Thirteen years later, in May of this year, Wiggins got severely ill with what doctors initially thought was a lupus episode. She lost 30 pounds over a two-month period. Following her weight loss, she received a complete medical exam — more thorough than she had ever received. Doctors determined she had been misdiagnosed; she did not have lupus, but an infection curable with antibiotics. Now at age 35, she was off blood pressure medicine and healthier than she had been for more than 14 years.

“I experienced a quiet and intense moment of clarity. ‘I’ll get tested to see if my kidney will match Bunny’s,’” she recalled thinking.

Secretly, she contacted the Transplant Division of Sentara Norfolk General Hospital to determine if she could become a donor for her sister. She expected to wait four weeks for the results of blood and tissue tests. One week passed. Her phone rang with exciting news from the live donor coordinator: “You’re a match.”

“I was speechless at first. Then, all I could hear was myself screaming and crying,” Wiggins said. “I called Bunny. She was having dialysis at the time.”

“I didn’t even know she had been tested,” Chavers said. “When she said the words, I instinctively said, ‘No!’ And then I screamed, ‘My sister is a match!’ Everyone in the dialysis room screamed with excitement.”

Since then, the two sisters have had psychological tests, discussing the pros and cons of kidney donation, and they had extensive lab tests, including a CT scan, an EKG and visiting a kidney specialist for clearance.

Their journey shows that this disease can and does happen to anyone. Both sisters are health professionals. A registered nurse since 1993, Chavers works in the Interventional Radiology Department of Sentara Obici Hospital. Wiggins is a pharmacy technician for Virginia Oncology Associates in Norfolk.

The cost for a kidney transplant in the region ranges form $145,000 to $175,000.

Chavers has received emotional and financial assistance for transplant costs from the American Kidney Fund. The fund provides grants and education to kidney patients

According to its 2014 annual report, the group provided financial assistance to 20 percent of the nation’s dialysis patients. Its grants enabled more than 84,000 people in all 50 states to maintain their health insurance coverage and afford other critical expenses related to obtaining life-sustaining dialysis treatment.
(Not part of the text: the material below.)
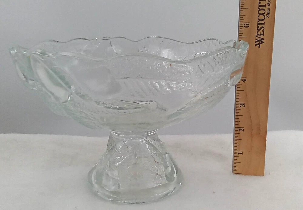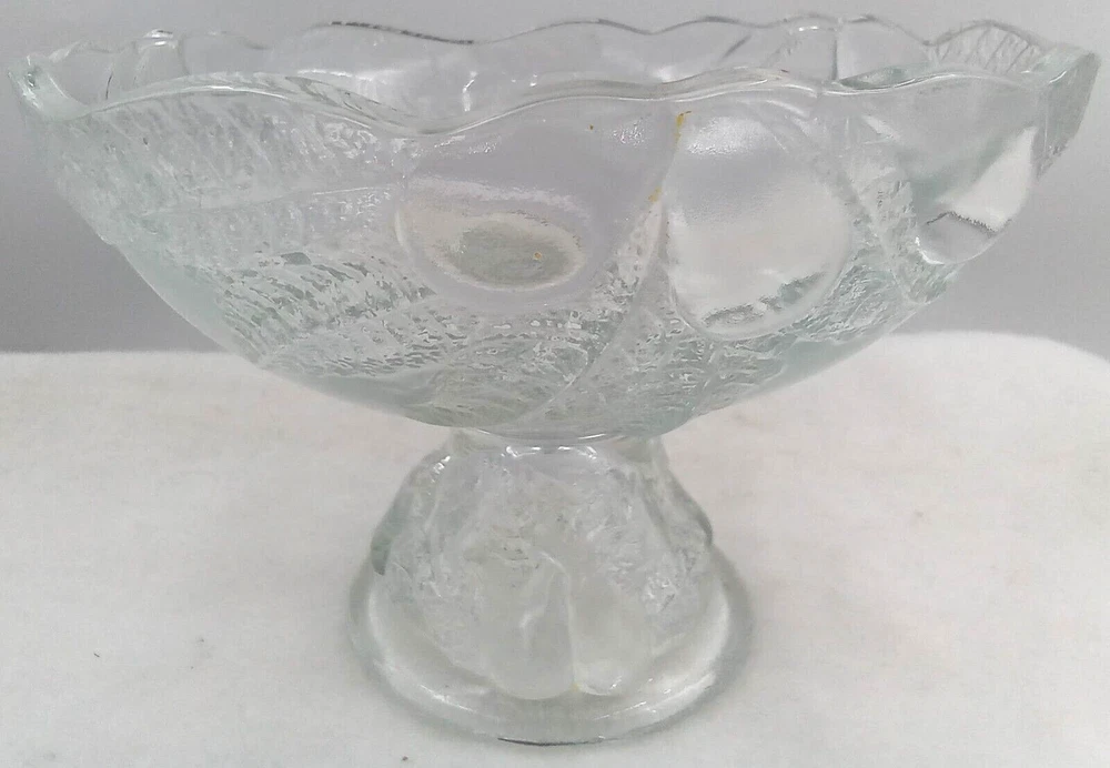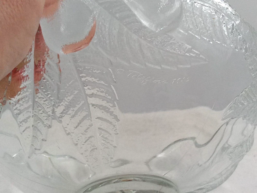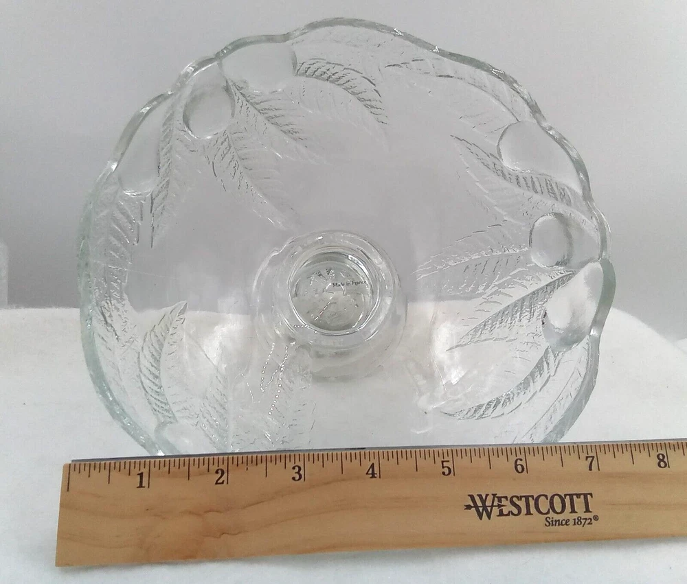 Occasion: All Occasions gtin13: Does not apply Theme: Food/Kitchen, Food & Drink, Garden Personalize: No Type: Fruit Bowl Year Manufactured: 1985 Features: Decorative Brand: Teleflora Style: Art Deco Material: Glass Color: Clear Country/Region of Manufacture: France Department: Adult Shape: Round Pattern: Fruit Original/Reproduction: Original UPC: Does not apply Finish: Shiny

Chavers will be required to take post-operative medicines for the remainder of her life. Her out-of-pocket expenses for medicines to prevent rejection of the organ are expected to be between $3,000 and $5,000 per month.

A GoFundMe page to help Chavers has been established at www.gofundme.com/teambunnyhope.

Chavers has the nickname “Bunny” because she was born on Good Friday — the season of resurrection and of new life. She has already proven she can live with dignity and without defeat.

“My sacrifice has been four hours, three times each week for the past three and a half years,” Chavers said. “You can still work; perhaps not full-time. It has simply been a lifestyle change.”

On Tuesday at Sentara Norfolk General Hospital, her sister’s kidney will add hope to her dignity.